LISP separates the location (physical network location/rloc) from the id (host ip/eid) by encapsulating traffic for the eid in the ip space of the rloc.  This simple solution allows you to move the host around without having to change the routing within your or other networks.  This can be done on a local level on your LAN or MAN or on a global level across the WAN.

Overlay Networks sound good, but have some negative aspects.

Overlay Networks do not solve all network scale issues and can cause some issues especially with already congested underlay network links.  By putting all traffic to/from a host in the same tunnel, you lose granularity.  The traffic becomes one big flow instead of a lot of smaller flows.  Current balancing solutions in place will no longer work.

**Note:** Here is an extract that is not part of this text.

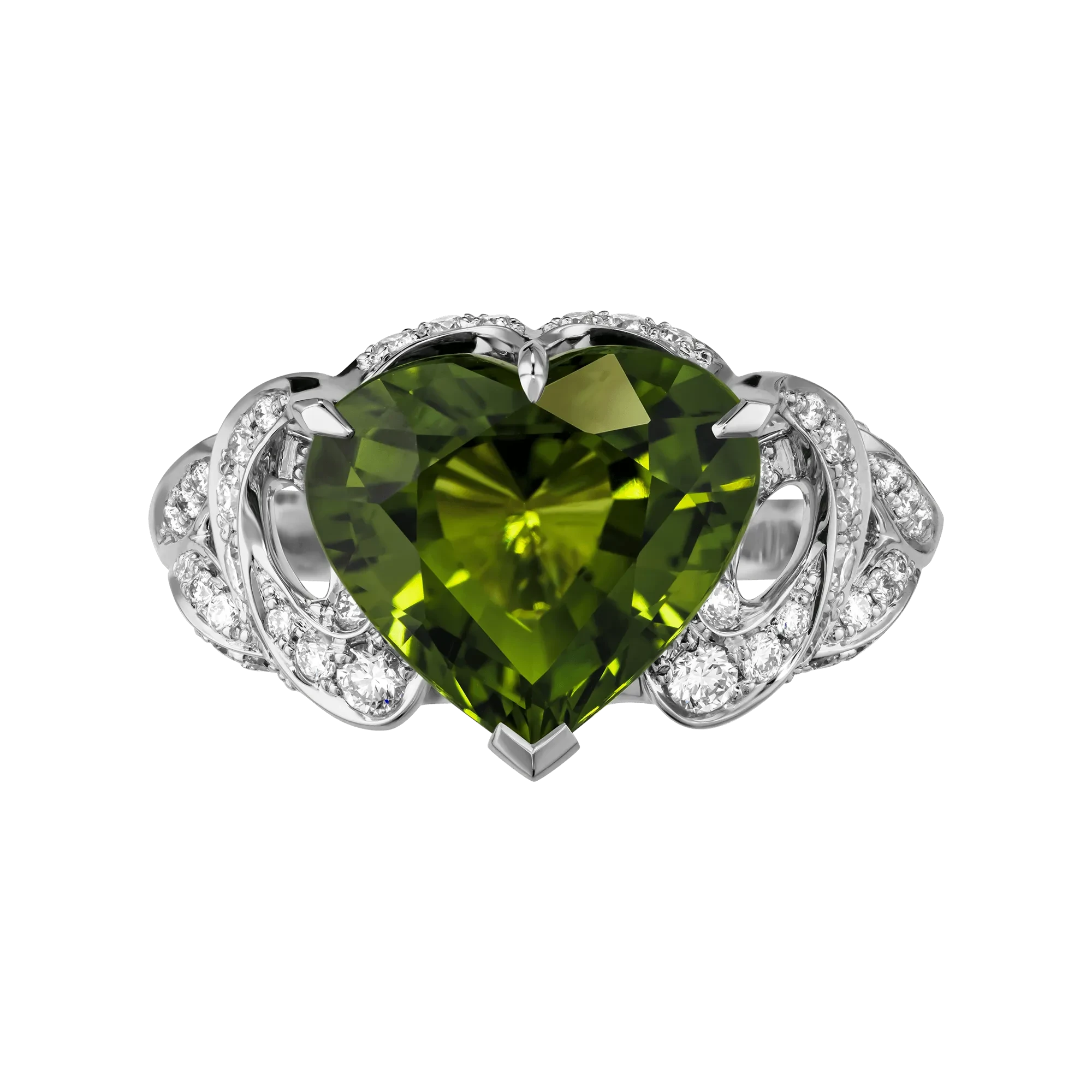 Центральным акцентом был выбран зелёный сапфир весом 6,33 карата из Мадагаскара, огранённый в форме сердца. Драгоценные камни этого происхождения ценятся за характерный спектр зелёных оттенков и чистоту кристаллов, делающие каждый сапфир уникальным коллекционным экземпляром.

What this all means is that Network Operators need more tools and have more complexity to deal with, not less.  There needs to be a cohesive view of both the Underlay and Overlay networks along with tools to manage them.  Riverbed’s Cascade and NetScout are two that are big in this space.  Both allow for visibility into VxLAN and other tunnel protocols.  This in turn provides network operators with knowledge of what traffic is crossing their networks and the ability to deal with it.

The important takeaway is that Network Operators are still important, Overlay’s solve some issues but they are not a replacement for a properly designed network.